A few limitations were identified during the course of this research. One key constraint was the limited number of computing nodes available in our experimental environment, which restricted the scale of our implementation compared to other studies. Testing the implementation on bigger clusters would be necessary. Another limitation is the lack of a chain regeneration mechanism, which is tricky to implement in a distributed memory environment. This absence led to fewer generated chains then requested, which makes the table imperfect. Future work could address this issue and improve the rainbow table generation process. Another area for future work is to experiment with other parallelization techniques for rainbow tables generation, for example, utilizing the power of GPU to enhance the generation process.

6. Conclusions

This research presents an approach to the parallel generation of rainbow tables using the Message Passing Interface standard. The proposed approach is based on a modified master-slave model, where each process independently generates starting points, and the master process resolves chain conflicts.
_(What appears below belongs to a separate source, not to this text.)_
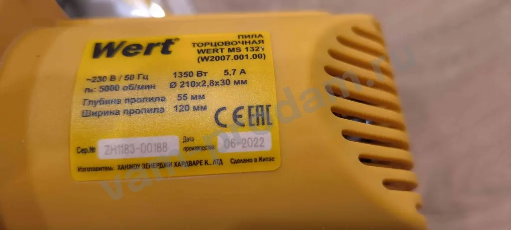 Пила торцовочная настольная WERT 194591 MS 1321, 210 мм.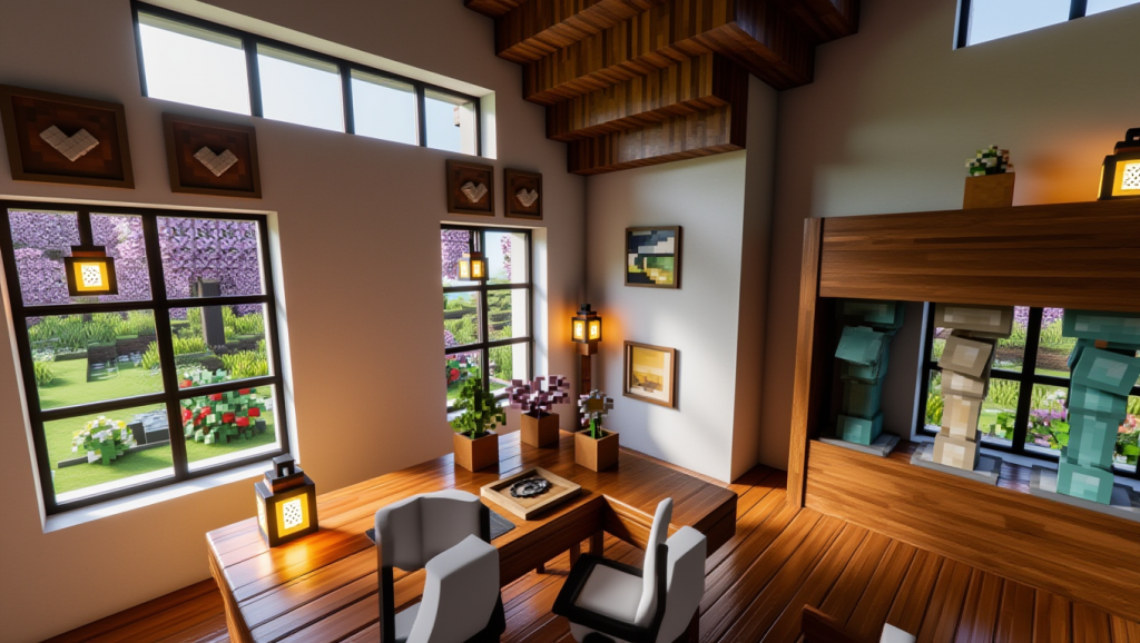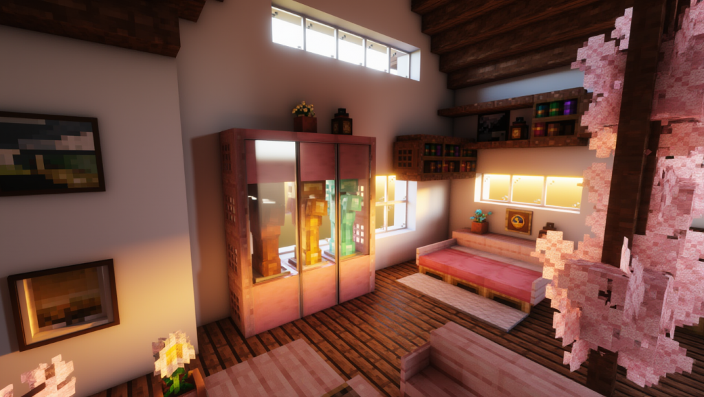 | Вишнёвые доски — 57 шт. Вишнёвые ступеньки — 401 шт. Вишнёвая плита — 67 шт. Вишнёвый люк — 12 шт. Вишнёвый забор — 26 шт. Вишнёвая дверь — 1 шт. Берёзовые доски — 221 шт. Берёзовый забор — 3 шт. Берёзовые ступеньки — 3 шт. | Берёзовая табличка — 2 шт. Белый бетон — 448 шт. Блок мха — 87 шт. Белая керамика — 48 шт. Стеклянная панель — 62 шт. Сундук — 4 шт. Верстак — 1 шт. Белый ковёр — 3 шт. Фонарь — 15 шт. |

Our implementation achieves significant improvements in performance and efficiency. The reduction in inter-process communication compared to traditional approaches enhances scalability and execution speed, as demonstrated through experimental evaluations. The experimental evaluation is composed of three experiments. In the first experiment, we evaluated the parallel performance for four cryptographic hash functions (SHA-256, SHA-512, MD5 and NTLMv2), achieving near-linear speedup and maintaining efficiency between 95% and 99% across different numbers of computing nodes. This demonstrates the scalability and robustness of the implementation, even for computationally demanding functions like SHA-512.

The second experiment highlighted the scalability of the implementation by varying the number of processed chains from 100 to 100,000. The results revealed that the execution time increases with larger workloads, with SHA-512 exhibiting the highest computational cost due to its complexity. In the third experiment, we analyzed the influence of chain length on execution time. The findings showed that longer chains significantly increased execution times, with SHA-512 once again showing the steepest growth, while MD5 and NTLMv2 had relatively lower computational overhead.

In addition, the study acknowledges certain limitations, including the absence of a chain regeneration mechanism and constraints imposed by the available computing infrastructure. It is important to note that our implementation could be extended to longer and more complex passwords by adjusting the reduction function and search space size. Obviously, this would require additional computational resources due to the exponential increase of the search space. Overall, the proposed approach contributes a practical and efficient solution to the computational demands of rainbow table generation, advancing the field of cryptanalysis and password recovery.

While the use of password salting has significantly reduced the effectiveness of rainbow tables in modern authentication systems, our work remains relevant in scenarios where salting is absent or improperly implemented or when legacy systems are targeted. In addition, the use of rainbow tables can be useful for penetration testing, cyber forensics investigations and password security evaluations.